_Instructions to follow_. The printed result should hold only the lines from the opening of the data through the line bearing "Дуже швидко росте", exactly as given and without pictures.

_Stored data_.
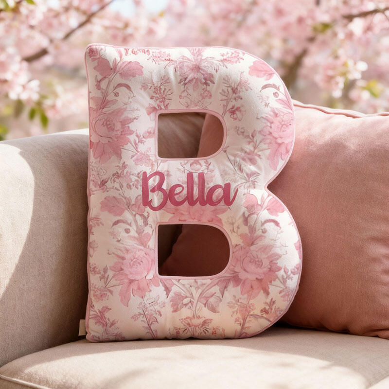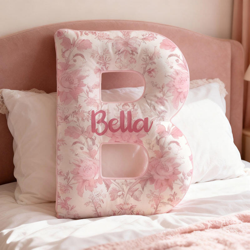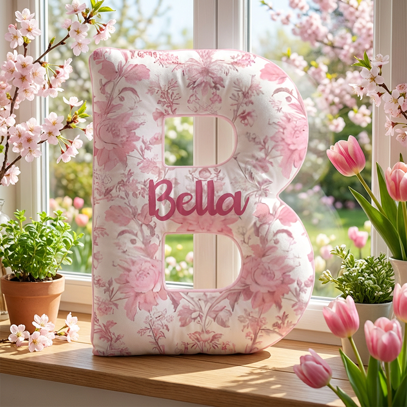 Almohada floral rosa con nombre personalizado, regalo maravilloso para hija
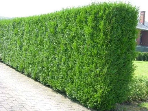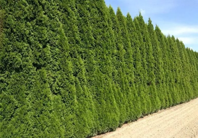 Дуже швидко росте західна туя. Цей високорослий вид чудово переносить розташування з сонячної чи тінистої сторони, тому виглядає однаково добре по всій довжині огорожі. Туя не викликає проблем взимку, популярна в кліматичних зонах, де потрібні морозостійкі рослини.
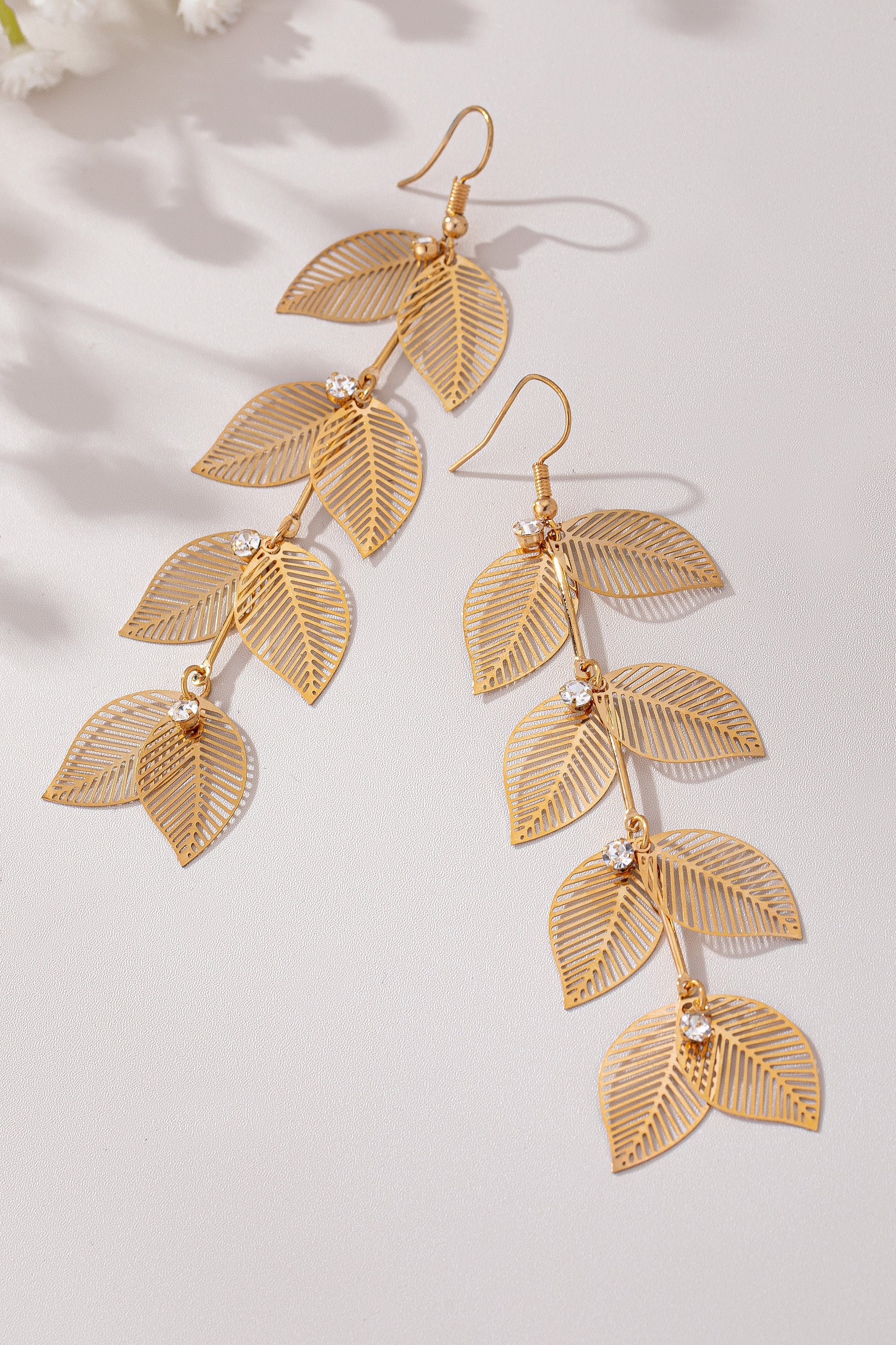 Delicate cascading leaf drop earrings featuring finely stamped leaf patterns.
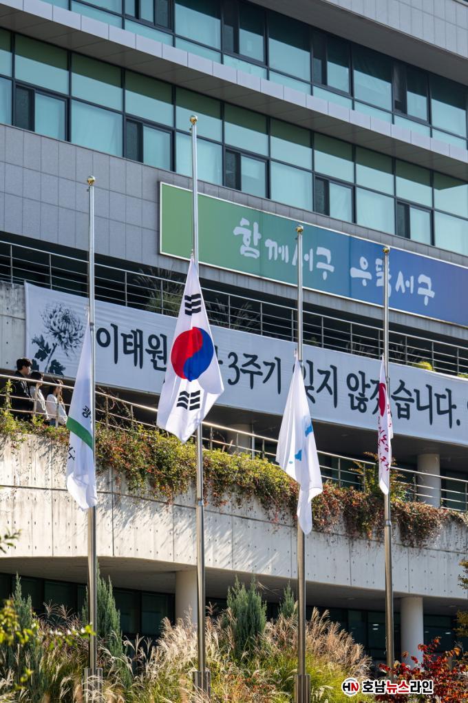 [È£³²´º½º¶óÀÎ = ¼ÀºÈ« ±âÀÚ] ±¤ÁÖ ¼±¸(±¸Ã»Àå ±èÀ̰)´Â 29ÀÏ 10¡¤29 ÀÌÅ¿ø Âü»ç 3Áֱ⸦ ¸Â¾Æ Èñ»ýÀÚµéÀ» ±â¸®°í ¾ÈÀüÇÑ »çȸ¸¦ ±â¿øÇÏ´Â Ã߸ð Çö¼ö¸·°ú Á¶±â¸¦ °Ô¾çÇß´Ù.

_Answer to the exercise_.
 Almohada floral rosa con nombre personalizado, regalo maravilloso para hija
 Дуже швидко росте західна туя. Цей високорослий вид чудово переносить розташування з сонячної чи тінистої сторони, тому виглядає однаково добре по всій довжині огорожі. Туя не викликає проблем взимку, популярна в кліматичних зонах, де потрібні морозостійкі рослини.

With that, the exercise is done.